Researchers have developed a new way to cool semiconductors using laser-based photonic techniques rather than traditional air or liquid flow. The proof-of-concept system places a “photonic cold plate” above hot spots on a chip and uses laser-driven anti-Stokes fluorescence to extract heat. Early tests suggest this approach can dissipate twice the heat of current air and liquid cooling setups, tells IEEE Spectrum.
One of the major benefits is that this method could allow all parts of a chip to operate simultaneously rather than shutting down portions due to excessive temperature. That means hotter chips, faster clock speeds and better use of transistor real-estate. Because the laser-driven cooling acts at the point of maximum thermal load, it also supports advanced 3D-stacked chip architectures that today are limited by heat removal challenges.
Beyond raw performance, photonic cooling offers substantial energy savings. By reducing the need for high-flow air or liquid cooling, the system may cut a data centre’s cooling power by more than 50%. What’s more, the emitted light from the cooling process itself could be captured and converted back into electricity via thermophotovoltaics, achieving waste-energy recovery rates of up to 60%.

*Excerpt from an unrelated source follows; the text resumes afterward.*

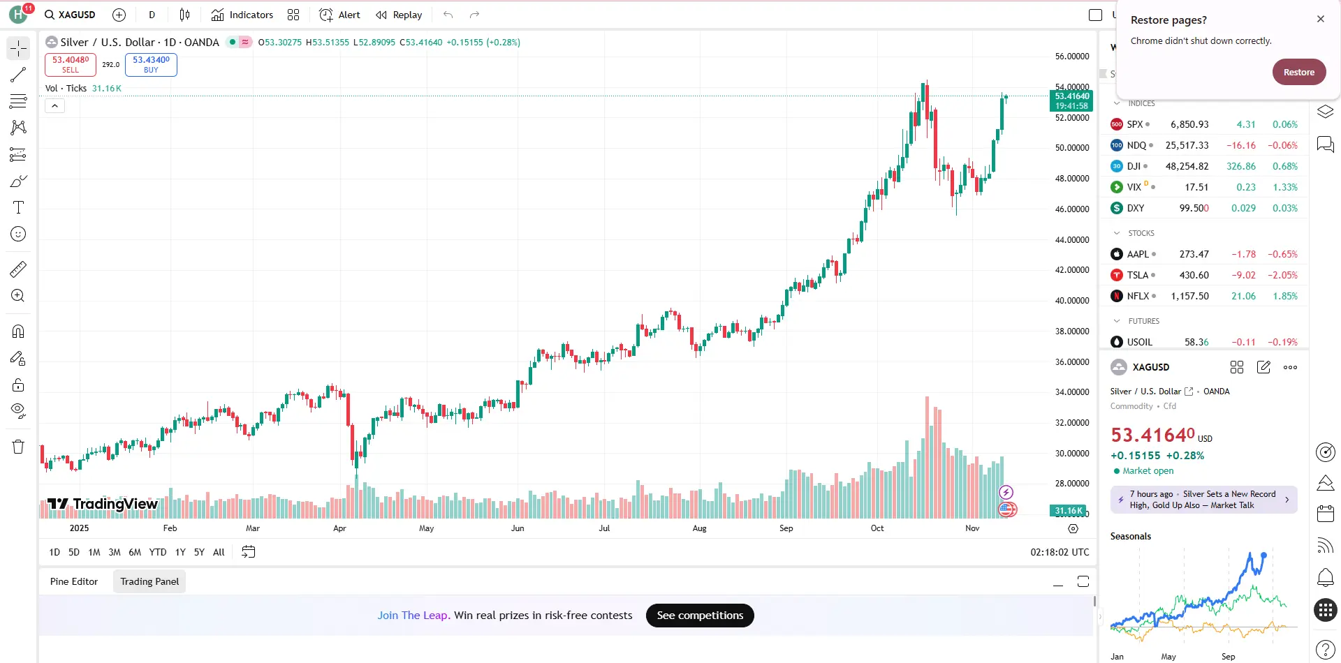 Theo dữ liệu từ Dow Jones Newswires, giá bạc trên sàn Comex (Mỹ) đã có một phiên tăng "dựng đứng", chốt phiên (settle) tăng vọt 5.36% lên mốc 53.332 USD/ounce. Đây là một trong những phiên tăng giá mạnh nhất trong nhiều năm, đẩy giá kim loại quý này vượt qua cả đỉnh cũ. Nhìn vào biểu đồ giá bạc (XAG/USD) trên sàn quốc tế: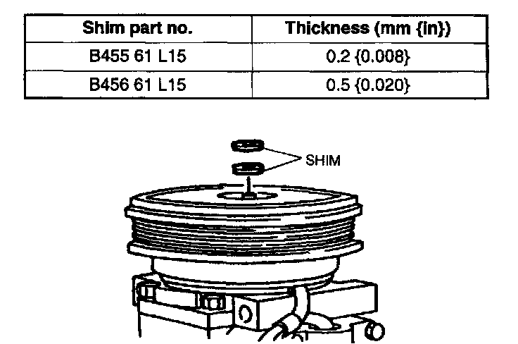 5. If not as specified, install shims to adjust the clearance.

That said, significant hurdles remain before this technology becomes mainstream. Suitable materials for the photonic cold plate are still limited and must be refined for use at scale. Moreover, integrating laser cooling with current chip packaging and system designs will require close collaboration across semiconductor, optics and systems engineering domains.
The technique represents a bold step beyond traditional thermal management. If matured, it could reshape how chips and data centres are engineered, allowing higher power densities, smarter architectures and greener cooling.